Por supuesto, no está sobre la mesa poner freno a la inteligencia artificial generativa. Al contrario, su capacidad tiene el potencial de influir muy positivamente sobre la sostenibilidad. Así, después de mostrar el consumo de agua estimado de la IA y sus emisiones de CO2, Glavas dio varios ejemplos de cómo la IA puede ayudar a la sostenibilidad, empezando por la optimización de la producción, que supone un ahorro de materias primas.

Además, la IA tiene un papel clave en las ciudades inteligentes, optimizando la gestión del tráfico, de los residuos y de la energía, como en el caso del alumbrado público inteligente de Zúrich, que redujo el consumo eléctrico en un 70%. También es fundamental la IA en proyectos como ARCHES, de INRIA (Institut National de Recherche en Informatique et en Automatique), que intenta comprender cómo el huracán Patricia en México, en 2015, pasó de categoría 1 a 5 en 24 horas (los vientos pasaron de 138 a 333 km/h).

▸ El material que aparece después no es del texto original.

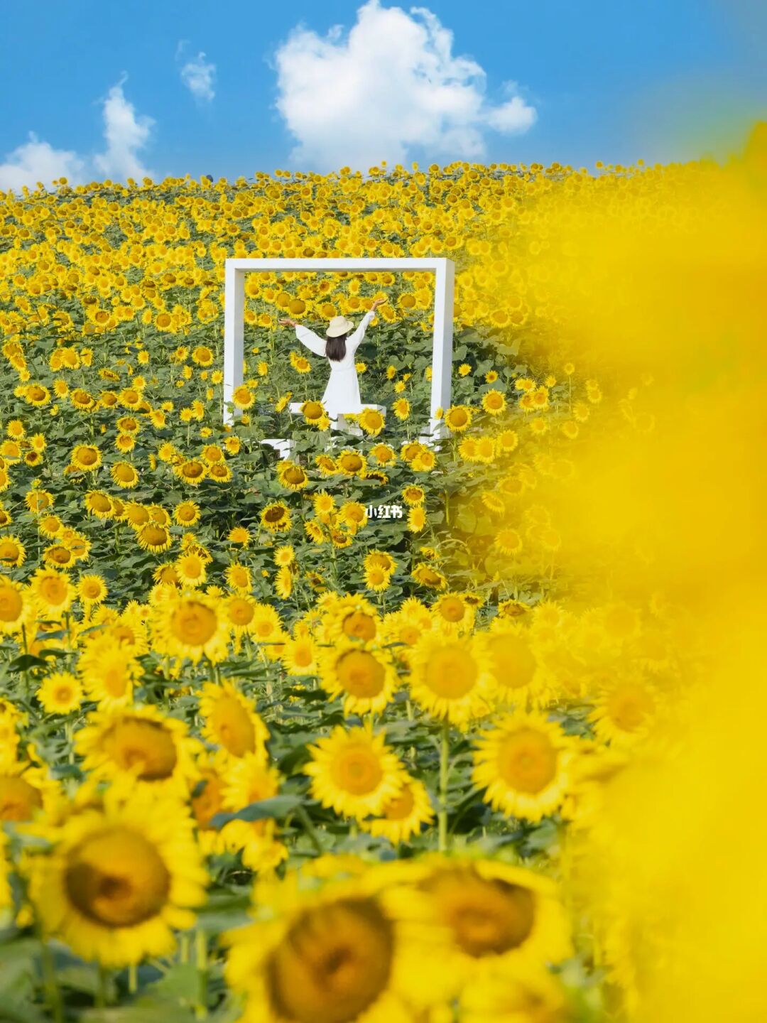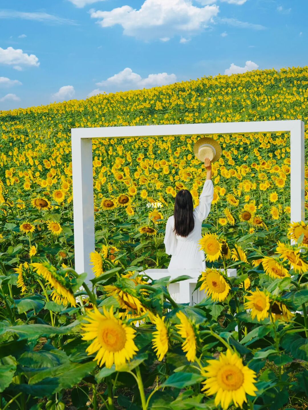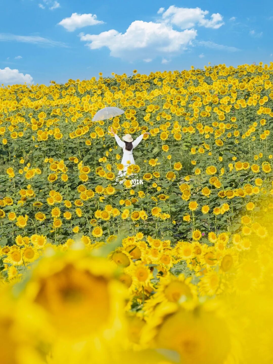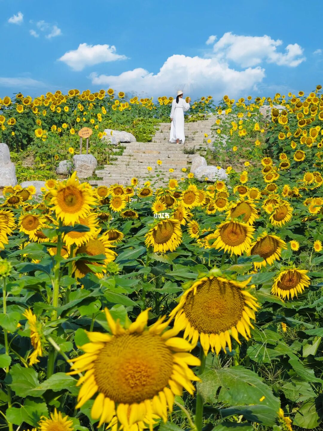 家人们听我说:这波向日葵🌻一定要冲 无论是阴天还是晴天☀️都很出片儿 超大一篇向日葵梯田🌻随便一个角度都好看 网红机位超过七点就需要排队了 so,想要不排队拍出包场的感觉最好六点到 花期预计一周左右,抓住这个周末安排起来吧❗️ 🌻地址:温榆河芸上梯田 🌻拍摄道具:透明伞、气球、篮子🧺都不错 🌻拍摄时间:2023年9月15日早7:00 🌻拍摄机位:从下往上仰拍or向日葵🌻做前景,人物站在石阶上拍(如图7) 🌻游玩建议:拍完向日葵🌻喜欢露营的小伙伴可以在露营区搭帐篷野餐哦~小朋友可以喂鸽子🕊️
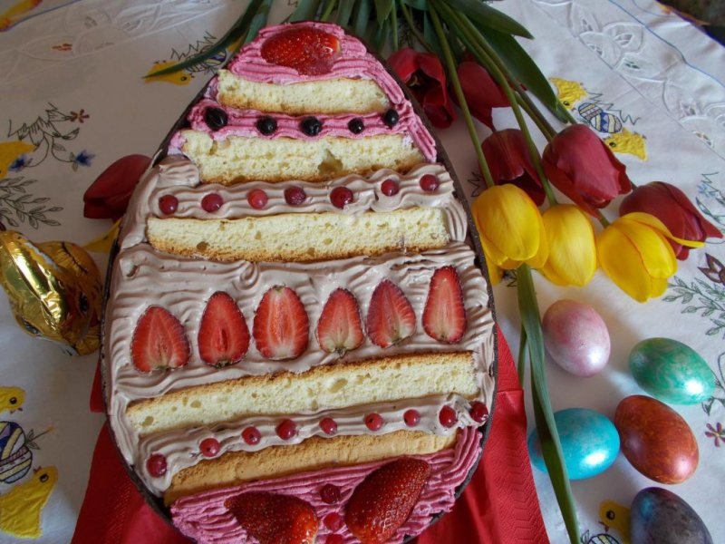 Am umplut spatiile dintre cu crema de vanilie, crema de fructe de padure si fructe pentru o jumatate din ou, iar la cealata jumatate, am folosit crema de ciocolata, crema de fructe de padure si fructe.

Son solo algunos ejemplos de cómo la IA tiene de hecho un impacto positivo sobre el medioambiente, aunque por ahora se mueve en un delicado equilibrio entre el daño que genera a la sostenibilidad y los beneficios que promueve para el medioambiente. Puede que esté sedienta de recursos hídricos, pero se esperan tantas cosas de su capacidad que es difícil negarle el agua.